This package ships three library products — which one should you link? This article covers the decision boundary, the canonical consumer example (`swift-tor`), and the stability guarantees that differ between the idiomatic Swift API and the raw C bindings.

## Overview

This article walks the decision boundary product-by-product, covers the canonical `swift-tor` consumption pattern, explains the differing stability guarantees, and closes with how the three products compose inside a single binary.

### The Three Products

`Package.swift` defines three public library products:

- **`OpenSSL`** — the idiomatic Swift API (`SHA256`, ``doc://OpenSSL/documentation/OpenSSL/RSA``, ``doc://OpenSSL/documentation/OpenSSL/SSL``, ``doc://OpenSSL/documentation/OpenSSL/Base64URL``, ``doc://OpenSSL/documentation/OpenSSL/OpenSSLError``).

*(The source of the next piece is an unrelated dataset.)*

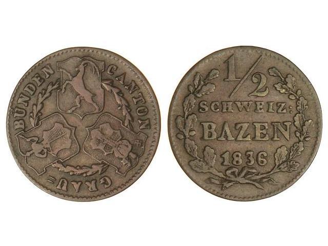 1/2 Batzen. 1836-A.B. GRAUBUNDEN. Ve. KM.13. MBC-.

Type-safe, `Sendable` throughout, no raw C pointers in the public surface.
- **`libcrypto`** — raw C bindings to OpenSSL’s crypto library (ciphers, digests, PKI primitives, random number generation, X.509 parsing at the C level).
- **`libssl`** — raw C bindings to OpenSSL’s SSL/TLS library (protocol state machines, record layer, QUIC primitives at the C level).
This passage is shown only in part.